Fire Jim Tracy

Wednesday, January 19, 2005

Where's Waldo?

As I put away the computer and the redistricting research for the night, on the heels of a thirty million dollar investment in Cesar Izturis and Eric Gagne, the only question that can be asked is, to paraphrase Ted Kennedy, "Where was Bill?" Writing some boring nonsense about UCLA Basketball -- three days ago, he slobbered all over himself because they beat Washington -- at home. Yeah, it was just like the Walton Days. (Rolls eyes, despairs at the state of Los Angeles Sportswriting). It was typical Plaschke blather. Then there was that brave, brave piece about Matt Leinart not going pro. Let me tell you. He's going to get hate mail for that piece big time. Next week's article on cute puppies and the six year olds who love them could rent the city in twain. And then there was that brave, brave piece about Hank Aaron. Did you know that Aaron was persecuted on his way to 715? That baseball's current drug-coddling culture and the Bonds-protecting media is an embarrassment when compared to how Aaron was ignored by both baseball and the media? You did?

Simers is hilarious by the way. Yesterday, he was complaining "The Dodgers are following the age-old Clipper formula: stockpiling young, cheap players, developing them and then letting them go when it comes time to pay them the big bucks." Then in come Izturis and Gagne, and he's left making cheap and unintelligible sneers at Kim Ng. Those with Asian surnames -- beware the Times.

Well, I don't have to go to bed quite yet. Shall we analyze Simers' claim? Who, exactly on this team, is young and cheap?

Not Young or Cheap

Derek Lowe
Jeff Kent
Darren Dreifort (what, you think I'd forget?)
Kaz Ishii (for what you get)

Not Cheap

Odalis Perez
Eric Gagne
Cesar Izturis
J.D. Drew
Jeff Weaver

Not Young

Paul Bako
Wilson Alvarez
Jose Valentin
Elmer Dessens
Olmedo Saenz
Giovanni Carrara
Ricky Ledee

Young and Cheap

Yhency Brazoban (who ate Mota's lunch in September)
Edwin Jackson
Duaner Sanchez
Dave Ross
Hee Seop Choi
Antonio Perez
Milton Bradley
Jayson Werth
Jason Grabowski (in the interest of full disclosure)

Keep in mind of course, that in Simers-world, and Plaschke-world, talent is irrelevant. It's all about dollar signs and irrational, emotional appeal.

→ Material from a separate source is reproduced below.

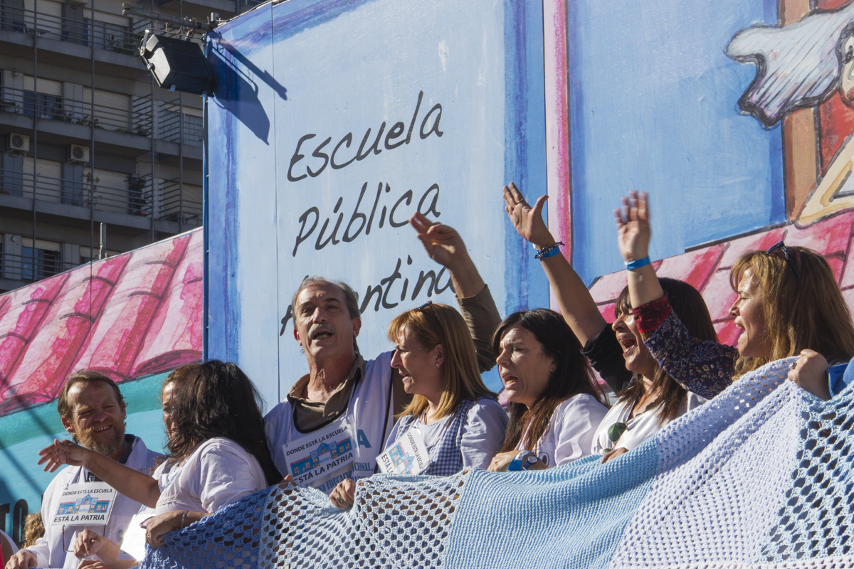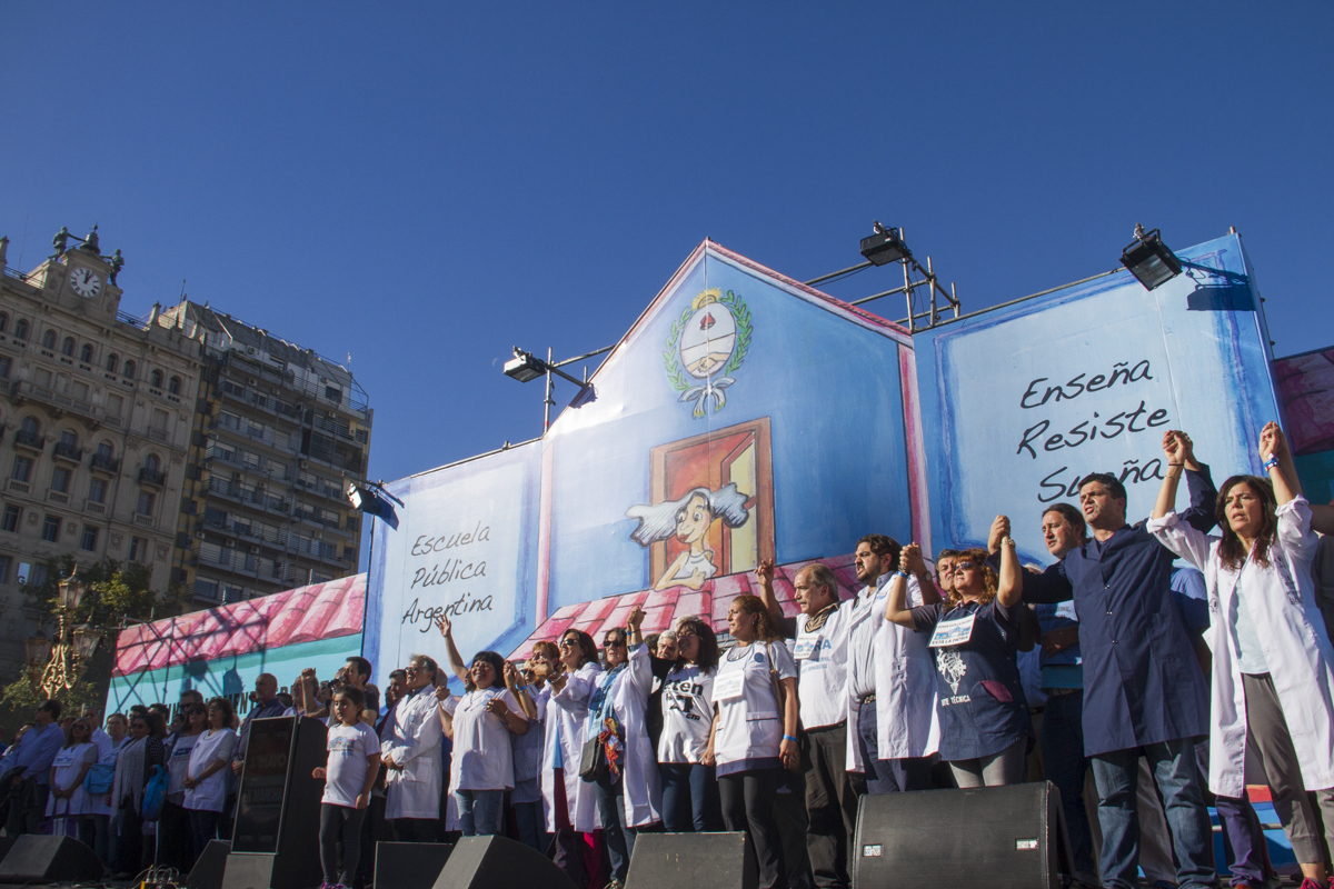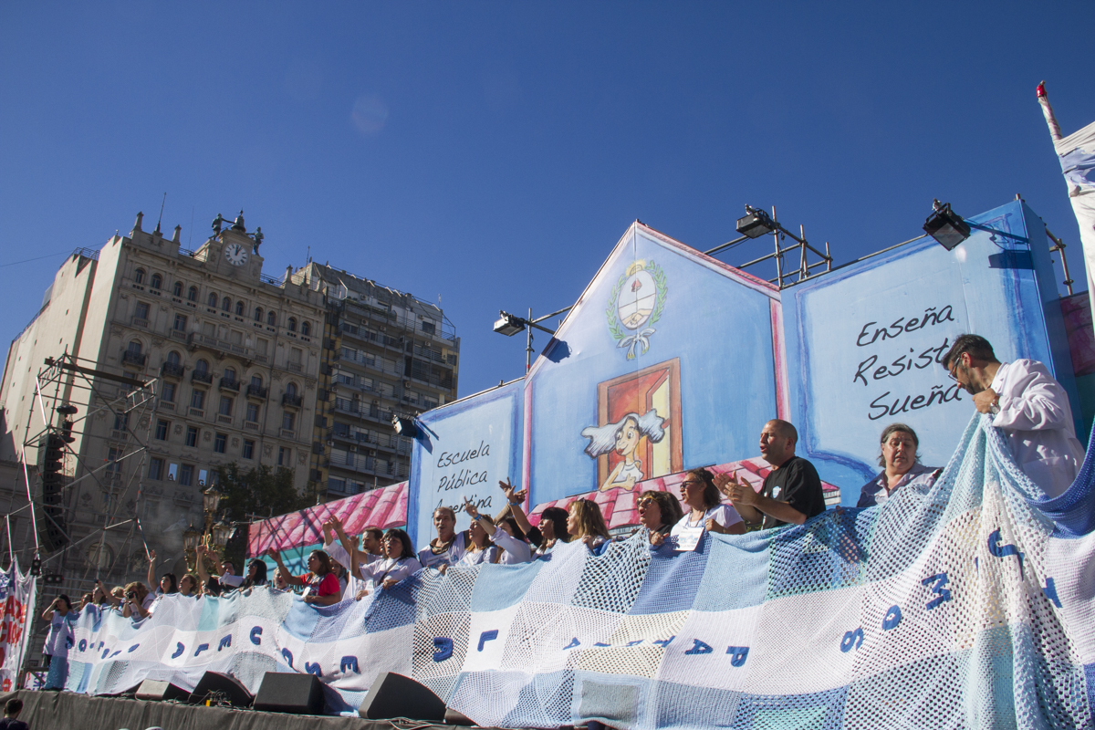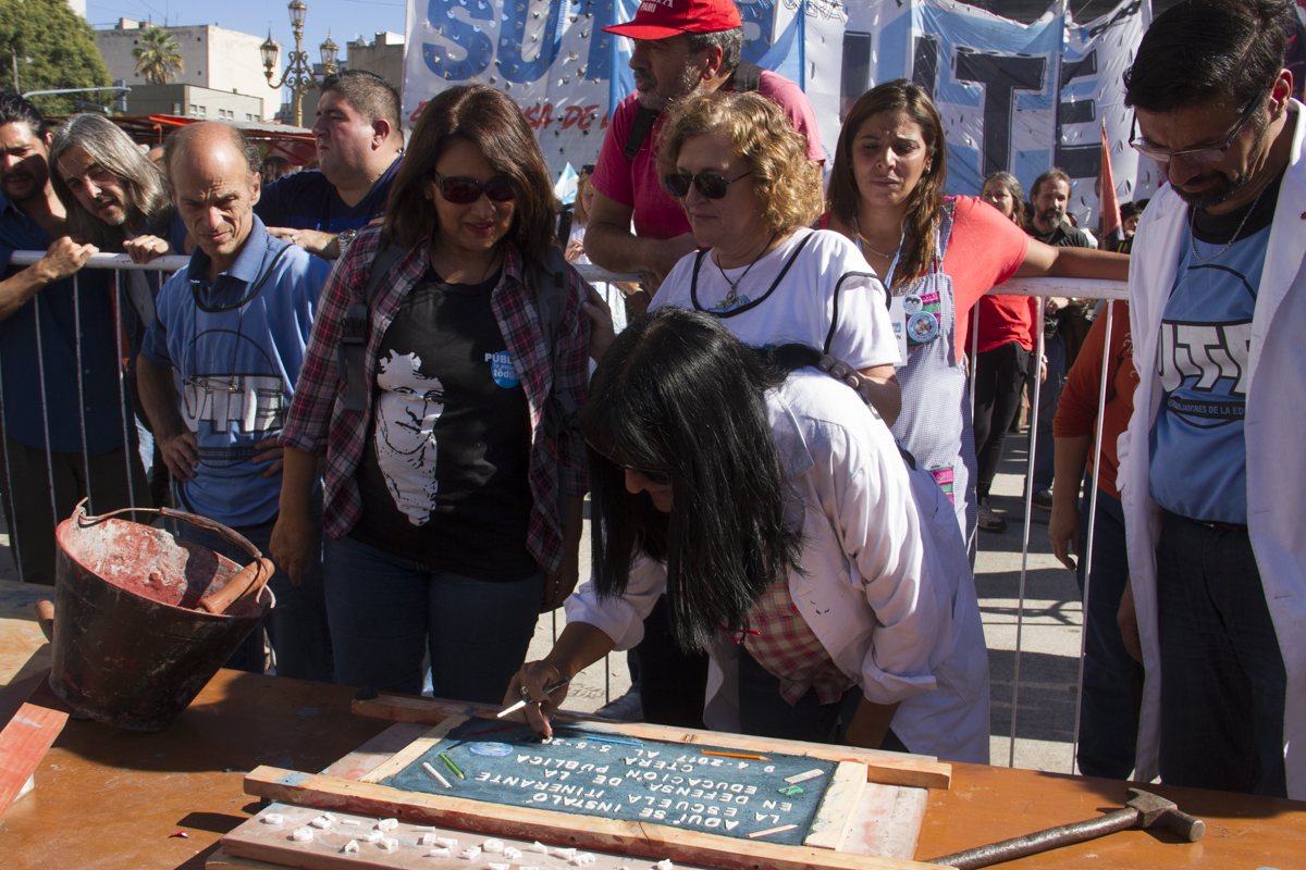 La Secretaria General de CTERA, Sonia Alesso, lo inició diciendo: "Estamos acá porque tenemos memoria, tenemos historia y honramos a nuestros mártires y a nuestros Trabajadores. Seguimos exigiendo Paritaria Nacional Docente y que el Gobierno Nacional se digne a escuchar los justos reclamos que hacemos los Maestros. La Escuela Pública no se rinde y va a seguir peleando, porque es ella quien cobija y protege a todos los pibes y pibas de nuestra Patria. ¡Ni un paso atrás y a seguir peleando!".
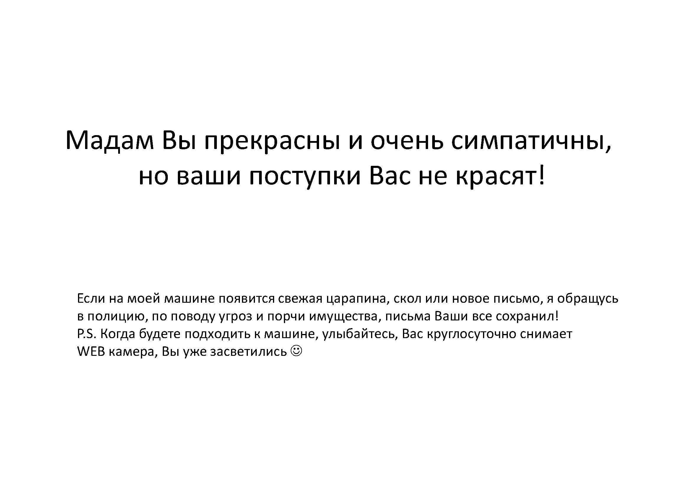 100% это баба, при чем наглая, тупая и не битая. Надо бы чтоб ей мужик пару раз съездил между глаз, для просветления мозгов. Слава, если знаешь что у неё за машина, сделай копии этих бумажек и положи ей под дворники. Кстати забыл тебе сказать прошлый раз - бумага сохраняет на себе отпечатки пальце и пото-жировые следы. Постарайся сильно не юзать эти записки. Если что случится с машиной они будут вещдоками. А когда новую обнаружишь, акуратненько за уголок в файлик и с заявой в полицию сразу. -------------------- Настоящему индейцу завсегда везде ништяк!

Put aside that nonsense about stockpiling players and letting them go. First, to a certain extent, all good baseball teams do that, because baseball teams carry four to five minor league teams. NBA teams only have twelve players, only eight of whom generally play in a regular rotation, so there is no opportunity for on-the-job training. But besides that quibble, DePodesta just shot his argument to hell. So here's my question, putting aside DePodesta's signings of the last two days. Giving you Grabowski (no way he's going to make the team way), Ross, and Choi, in case you are a Times reader, and therefore irrationally hate him, which of those others 1) would you not currently put on the 25-man roster and 2) would you feel comfortable giving a Simers-approved (except in the case of J.D. Drew or Odalis Perez or anyone not named Adrian) contract to? The answer to the first question is none of them (Jackson may not make the roster right away, but only because he needs to be starting every five days instead of languishing in the bullpen waiting for Ishii to fall apart.) and the second question is none of them. So what's he talking about? Hmmmm...could it be a simplistic, lazy meme which is quickly, and without analysis, designed to ignore reality and simply, that's right, manipulate reader emotions by the very use of the word "Clipper?" And even if I gave you Grabowski and Ross, would you want them? How could we give them away? What exactly are we supposed to do with Antonio Perez? Is he really ready for the Beverly Hills lifestyle? I'm sure Simers would be all for a six year, sixty million dollar contract for Milton Bradley.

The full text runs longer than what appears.